General characteristics. Structure:
Active ingredient: 70 mg of alendronovy acid (in the form of sodium of an alendronat).
Excipients: lactose anhydrous, cellulose microcrystallic (Е 460), croscarmellose sodium, magnesium stearate (Е 572).
Pharmacological properties:
Pharmacodynamics. Alendronat treats bisfosfonata - without exerting connections which, локализуясь in zones of an active resorption of a bone, under osteoclasts, inhibit the process of a resorption of a bone tissue caused by osteoclasts a direct impact on process of formation of a new bone tissue. As the resorption of a bone and emergence of a new bone tissue are interconnected, formation of a bone also decreases, but to a lesser extent, than a resorption that leads to the progressing increase in bone weight. During treatment alendronaty the normal bone tissue which matrix it is built in алендронат forms, remaining pharmacological inactive. In therapeutic doses алендронат does not cause osteomalacy.
Osteoporosis at women in a postmenopause.

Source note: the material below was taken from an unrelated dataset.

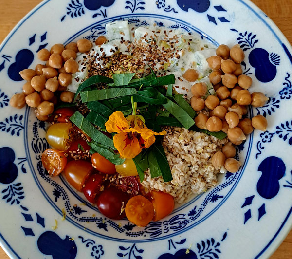 Bowl mit Gurke, Tomate, Kichererbsen und Haferflocken.

Osteoporosis is characterized by decrease in bone weight and thereof, the increased risk of changes, especially a backbone, a hip and a wrist. It occurs both at men, and at women, but is especially frequent at women after a menopause when the speed of a resorption of a bone exceeds the speed of its education that leads to loss of bone weight.
Daily reception of an alendronat in a postmenopause causes the biochemical changes testimonial of dozozavisimy suppression of a bone resorption in women, including decrease in level of calcium in urine and bone collagen disintegration markers (hydroxyproline, a deoksipiridinolin and the cross and connected N-telopeptidov of collagen I of type) in urine. These biochemical indicators are returned to reference values in 3 weeks after cancellation of an alendronat in spite of the fact that drug it is long remains in skeleton bones.

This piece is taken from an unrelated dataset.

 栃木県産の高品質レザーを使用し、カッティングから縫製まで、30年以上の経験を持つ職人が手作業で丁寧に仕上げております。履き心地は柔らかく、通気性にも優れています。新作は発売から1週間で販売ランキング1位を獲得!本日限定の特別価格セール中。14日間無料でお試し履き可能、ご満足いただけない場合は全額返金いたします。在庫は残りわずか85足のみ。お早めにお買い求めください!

Prolonged treatment of osteoporosis alendronaty reduces removal with urine of markers of a resorption of a bone of a deoksipiridinolin and the cross and connected N-telopeptidov of collagen I of type approximately, to the level observed at healthy women before a menopause. Speed of a bone resorption begins to decrease on the first month of treatment, reaches constant value on 3-6 month of therapy and remains on the reached values throughout treatment by alendronovy acid. Also decrease in levels of markers of formation of a bone - osteocalcine and a kostespetsifichesky alkaline phosphatase is noted. Similar reduction in the rate of bone metabolism happens also at reception of alendronovy acid in a dose of 70 mg within one year once a week.
Treatment of osteoporosis. Post-menopausal osteoporosis. Influence on the mineral density of a bone tissue. Alendronovy acid at patients with post-menopausal osteoporosis increases the mineral density of a bone tissue (MPK) of lumbar department of a backbone, neck of a hip and a big spit of a hip. The general MPK also considerably increases, increase in bone weight is observed in 3 months after administration of drug and continues within 3 years. At prolongation of reception up to 5 years of MPK of lumbar department of a backbone and a big spit of a hip continues to increase, and the additional gain during the period between 3 and 5 of therapy makes 0,94% and 0,88%, respectively. Thus, alendronovy acid causes osteoporosis involution. Efficiency of alendronovy acid does not depend on age, race, the initial speed of metabolism of a bone tissue, function of kidneys and use of a wide range of medicines.
Cancellation of alendronovy acid after 1-2 years of reception is followed by gradual return of intensity of bone metabolism to reference values. Therefore therapy by alendronovy acid has to be carried out is long to provide gradual increase in bone weight.
In a research at women with post-menopausal osteoporosis it was shown that alendronovy acid in a dose of 70 mg therapeutic is equivalent once a week to alendronovy acid in a dose of 10 mg a day and also the alendronovy acid of 10 mg accepted daily is effective in decrease in frequency of changes, as well as. Extent of increase in MPK of lumbar department of a backbone and other sites of a bone skeleton is comparable between these therapeutic groups.
Influence on the frequency of development of fractures of bones. At women with post-menopausal osteoporosis at reception of alendronovy acid within 3 years, the risk of spinal fracture decreases almost twice.
Pharmacokinetics. Absorption. Bioavailability of alendronovy acid in a dose of 5 - 70 mg at intake on an empty stomach not later than 2 hours till a standard breakfast, makes 0,64% at women and men have 0,6%. At reception of alendronovy acid on an empty stomach in 1-1,5 hours prior to a standard breakfast bioavailability decreases approximately by 40%. At patients with osteoporosis and a bone disease Pedzheta alendronovy acid is effective at use on an empty stomach, not later than 30 minutes before the first meal or liquid.
Bioavailability of alendronovy acid is insignificant at its appointment along with meal or within two hours after meal. The concomitant use with coffee or orange juice reduces bioavailability of drug approximately by 60%. At reception of Prednisolonum in a dose of 20 mg 3 times a day within 5 days, do not occur clinically significant change of bioavailability of an alendronat.
Distribution. The average volume of distribution of an alendronat in an equilibrium state (except for a bone tissue) makes, at least, 28 l. At reception in therapeutic doses concentration of drug in a blood plasma is insignificant (less than 5 ng/ml). Linkng of an alendronat with proteins of plasma makes about 78%.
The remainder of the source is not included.